If not, then one would have to ask what grounds you have for believing that the additional filtering is of any benefit.

Leaving application languages aside, what filtering do you people use?

I don't use filtering at all unless I have no other option - which is very very rare. As a general rule, I use Prepared Statements where the values which will be supplied as input are defined as parameters.

Injection attacks simply don't work against this technique.

If I do have to build statements piecemeal, I'm still inclined to build the SQL for a prepared statement, define the parameters, bind them, and proceed that way, because (again) it eliminates the possibility of an injection attack.

If I *have* to go with injection-prone techniques, then I would do the following:

1) Ensure the user cannot inject a string or statement terminator. This way they cannot inject something when supplying string-based input, as they cannot get "outside" the string delimiters that they are supplying a value for. I see no benefit in going further. If the user cannot break out of the string, they cannot inject. After that, I don't care what data they supply.

2) Ensure non-string-based data can be successfully cast to its expected datatype. Cast to this type, and if necessary cast the result back to a string.

3) Bounds-check all data (i.e. values are not too large for the DB field they are targetting).

jc

Seth Brundle

bonkey wrote:

Can you demonstrate a situation where your colleagues method of filtering is insufficient, but where yours will catch the problem?

If not, then one would have to ask what grounds you have for believing that the additional filtering is of any benefit.

As I said I was brought up in paranoia and was not suggesting that I or my colleague was in the right. There may be grounds for both and I was merely seeking other opinions on it. Am I being unnecessarily thorough filtering out (in a web application) characters such as ', <, >, etc. and SQL keywords?
However, even pages such as this recommend using filters ...

msdn website wrote:

Make sure your application looks for characters such as semicolons, equals signs, double dashes, brackets, and SQL keywords.

bonkey wrote:

I don't use filtering at all unless I have no other option - which is very very rare. As a general rule, I use Prepared Statements where the values which will be supplied as input are defined as parameters.

Injection attacks simply don't work against this technique.

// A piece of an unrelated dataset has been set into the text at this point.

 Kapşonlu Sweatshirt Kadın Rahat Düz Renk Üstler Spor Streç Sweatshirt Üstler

If I do have to build statements piecemeal, I'm still inclined to build the SQL for a prepared statement, define the parameters, bind them, and proceed that way, because (again) it eliminates the possibility of an injection attack.

If I *have* to go with injection-prone techniques, then I would do the following:

1) Ensure the user cannot inject a string or statement terminator. This way they cannot inject something when supplying string-based input, as they cannot get "outside" the string delimiters that they are supplying a value for. I see no benefit in going further. If the user cannot break out of the string, they cannot inject. After that, I don't care what data they supply.

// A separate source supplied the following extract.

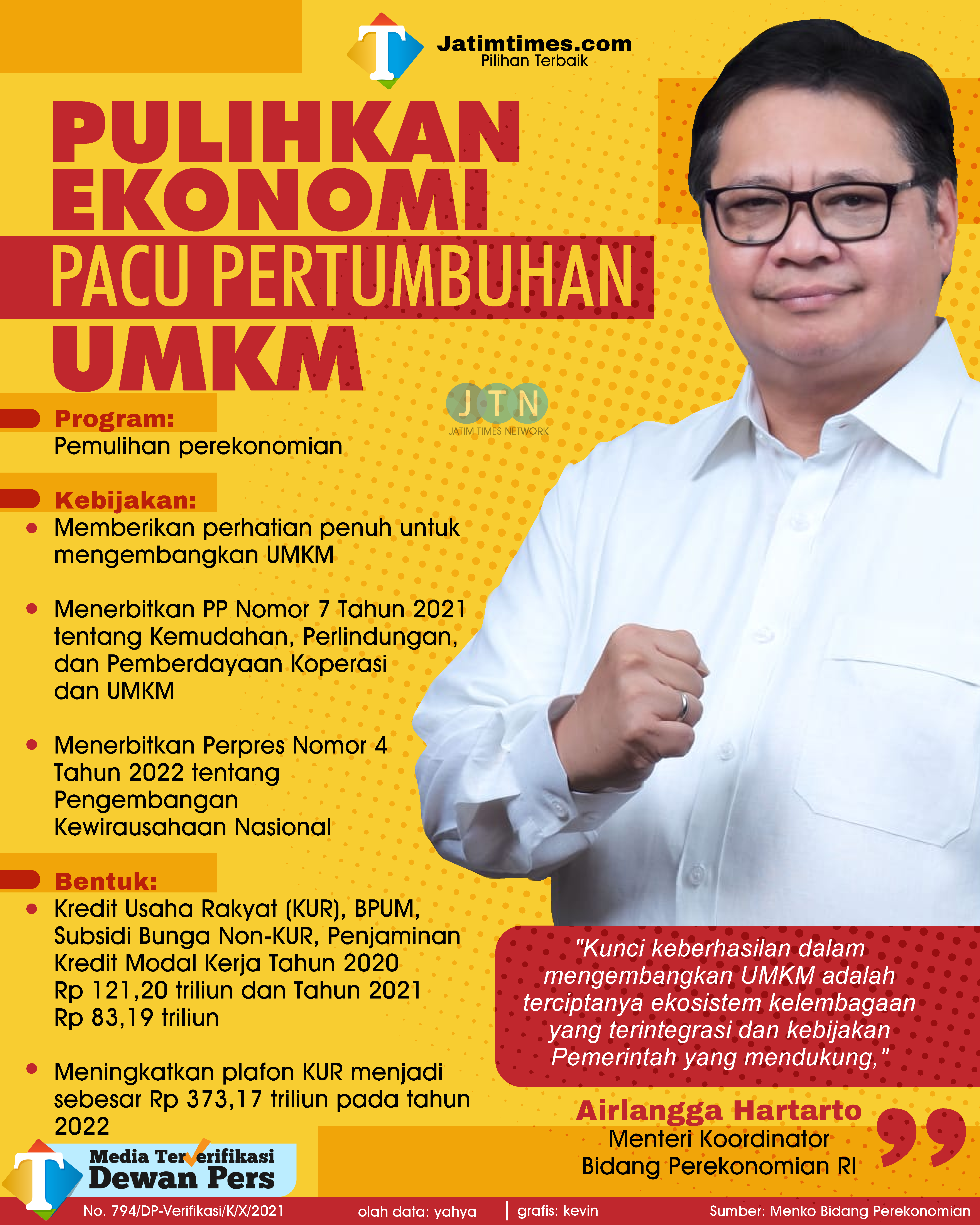 "Sehingga pemerintah mendorong program khusus pemulihan ekonomi nasional dengan mengalokasikan Rp 121,20 triliun pada 2020 dan Rp 83,19 triliun pada 2021 melalui Kredit Usaha Rakyat (KUR), BPUM, Subsidi Bunga Non-KUR, Penjaminan Kredit Modal Kerja, dan lainnya," ungkap Menko Airlangga saat menyampaikan Keynote Speech secara virtual dalam acara Webinar Keluarga Alumni Universitas Gajah Mada: Kontribusi UMKM untuk Pemulihan Ekonomi Nasional-Kolaborasi Multipihak dalam Pemberdayaan UMKM, Sabtu (6/8/2022).

2) Ensure non-string-based data can be successfully cast to its expected datatype. Cast to this type, and if necessary cast the result back to a string.

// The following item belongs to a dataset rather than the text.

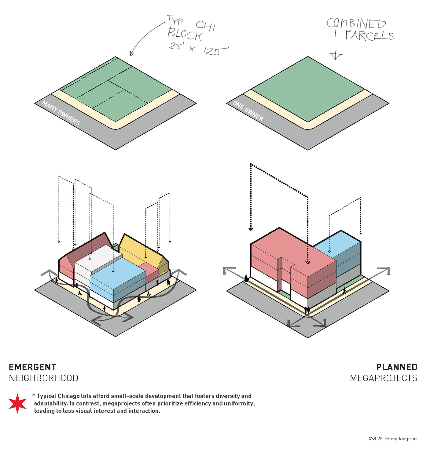 There is a key difference between the way we used to build places and the way we do now. For instance, in Chicago, traditional neighborhoods were built incrementally, shaped by emergent processes and market forces rather than blanket master plans. The city’s iconic neighborhoods grew on the backs of 25’ by 125’ parcels, subdivided from larger tracts of land.1 These parcels were sold to a diverse mix of small-scale investors, developers, and homebuilders, each contributing to the patchwork of the urban fabric.
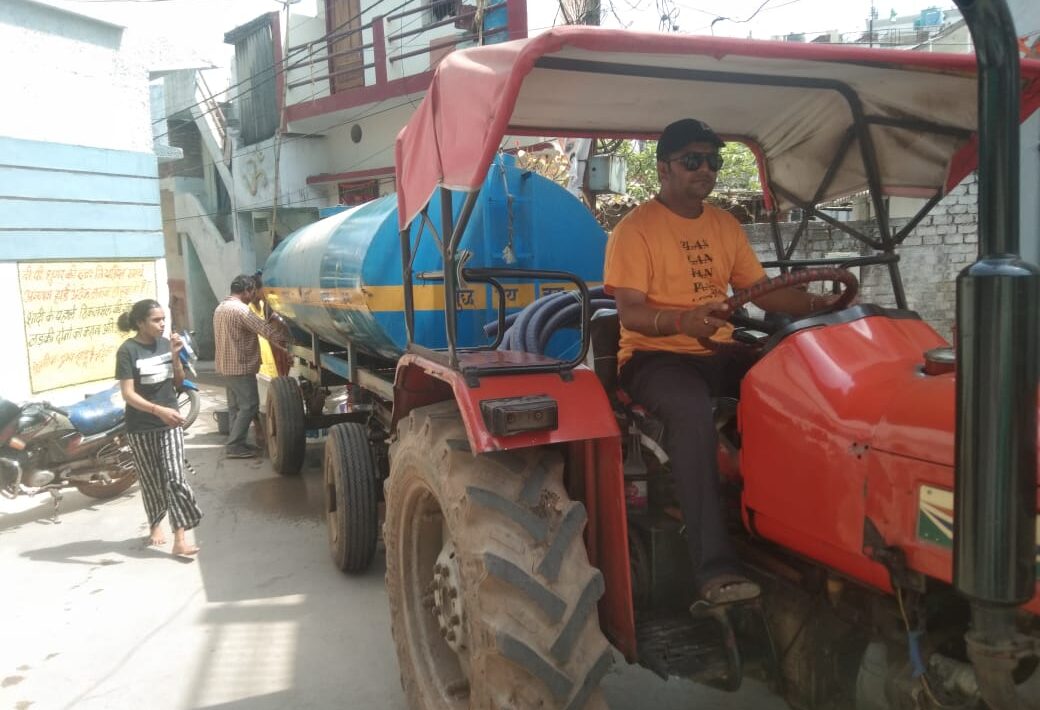 टैंकर चलाकर पानी देने पहुंचे पार्षद

3) Bounds-check all data (i.e. values are not too large for the DB field they are targetting).

I currently do these [along with the aformentioned filtering].

bonkey

I should clarify something...when I say I "filter", when dealing with strings I mean I escape any dangerous characters to ensure that they are only interpreted as part of the string I want them to be.

If you can't end the string - which requires an string-terminator or a command-terminator - then nothing else in there can be dangerous.

If you're using parameterised Prepared Statements, the argument is void, as there is neither need nor benefit in such precautions.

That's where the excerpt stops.